Tuesday, April 14, 2009

My response to the article below about UK schools hiring bouncers

By Paul Moore

First of all, I should warn you that if you're expecting to read a load of child psychology drivel, you've come to the wrong place. I have no sympathy whatsoever for kids or adults who claim to suffer from so-called ADD/ADHD (Attention Deficit Hyperactivity Disorder). In fact, I have so little sympathy for these people (zilch, to be honest), that I prefer to use my own term to describe their condition:

ASS (Attention Seeking Syndrome)

I see that some of you are gasping in horror at my blatant lack of political correctness. That's tough! If you want to wander through life with rosy-coloured spectacles covering your eyes, that's your decision. But maybe you should search for a different type of blog; one where the harsh realities of life are never discussed and where everyone sleeps well at night in the misguided belief that the world is full of people who are innately kind and loving. Adios amigos!

So let's get back to the 'desert of the real':

These days, many (if not most) schools in the UK - and in many parts of the world - are more like battle grounds than education establishments. I'm not exactly sure when this happened. Maybe it has always been this way. Kids can be extremely malicious when they want to be (as can all humans). But a couple of decades ago, something started to go terribly wrong. The very thing that promised to give us access to unlimited information at the touch of a key, also brought war games and other violent roll-playing activities to our computer monitors: The Internet.

Now please don't get me wrong. I'm not saying that the Internet is a bad thing (although in the wrong hands it undoubtedly is). What I'm saying is that the Internet has given greedy, immoral companies and individuals the opportunity to worm their way into the lives of vulnerable (and not-so-vulnerable) young people using criminality, weapons and blood-thirsty violence as a means of attraction. Add to this the fact that a great many parents are so wrapped up in their own self-absorbed lives that they no longer care what their children do in their spare time, and you have a recipe for catastrophe.

I've been teaching for 33 years. I qualified in 1976, taught in UK state schools for 4 years, and then left Britain in 1979 to teach English as a foreign language. I returned to the UK (albeit temporarily) in 2001 when my father's health (he had been ill for some year) started to deteriorate rapidly. He died later that year.

When I was a kid, I had a sadistic maths teacher who kept a thick leather strap concealed under the left shoulder of his jacket. But this was no ordinary strap. It was a 'tawse' and it was split half way along its length with the specific aim of inflicting as much pain as possible when it snapped together on making contact with the skin of your hands or backside at 500 miles an hour. The man is probably dead now, but if he were alive today and attempted to use that thing on his pupils, he'd either be locked up on the spot or the kids themselves would lynch him.


Other 'weapons' that were willingly used by many teachers to inflict pain on us were the slipper or pump (running shoes), the belt and the flat, or back, of the hand.

When I first started teaching, the cane (and many other tools of corporal punishment) were still employed in schools. Quite often, though, teachers used their bare hands as their chosen instruments of frustration and anger release. On one occasion, I had to prevent a fellow teacher from beating up a pupil in the school corridor.

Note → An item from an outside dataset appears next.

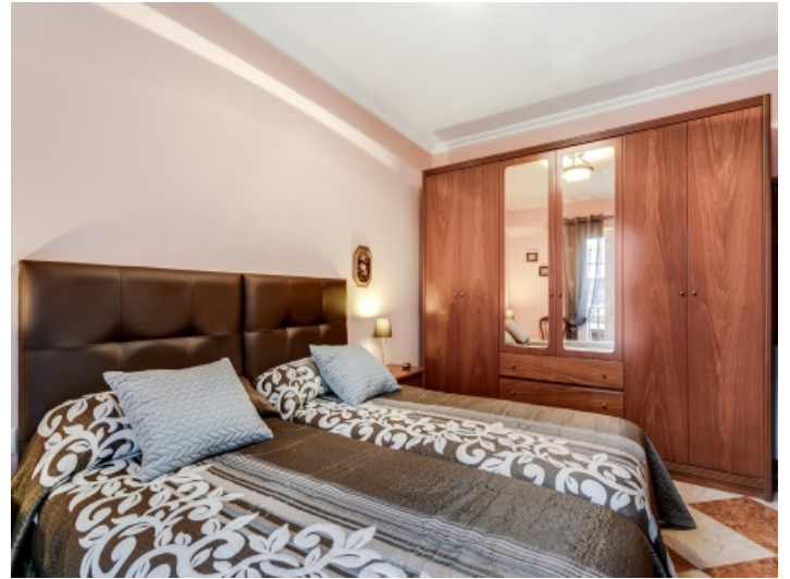
Master bedroom with built-in wardrobe
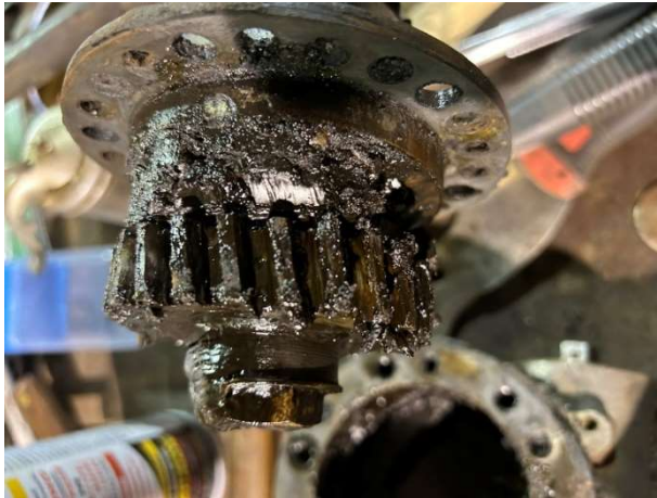
Caption: Steering gear bearing housing after cleaning. The multiple holes are drilled on an eccentric housing to allow for gear lash adjustment. Move the housing clockwise/counter clockwise relative to the steering box brings the steering gear and pinion gear closer together or further apart.

Nowadays, it's the teachers who are more likely to get beaten up.


Throughout my career - most of which has been spent teaching English to university students and business people throughout Europe - I have also worked as a supply teacher at, at the very least, 40 different state schools in the UK, three of which were at the very bottom of the rankings for the worst schools in Britain. I also worked for half a year at a Pupil Referral Unit for 16-year-old boys. It was the most valuable experience I've ever had (apart from running with the bulls in Pamplona!), and during those 6 months, I learned more about the dark side of human behaviour, and how to deal with it, than at any other time in my life.

Schools are dangerous places. I've taught some truly crazy kids in some truly awful schools in my time. Even though I'm a big guy and I've got a lot of experience dealing with difficult situations, I've been physically assaulted twice. But none of this compares with the terrible shootings that take place in schools in the USA on a regular basis. And now it's happening in Europe, too (as I always knew it would).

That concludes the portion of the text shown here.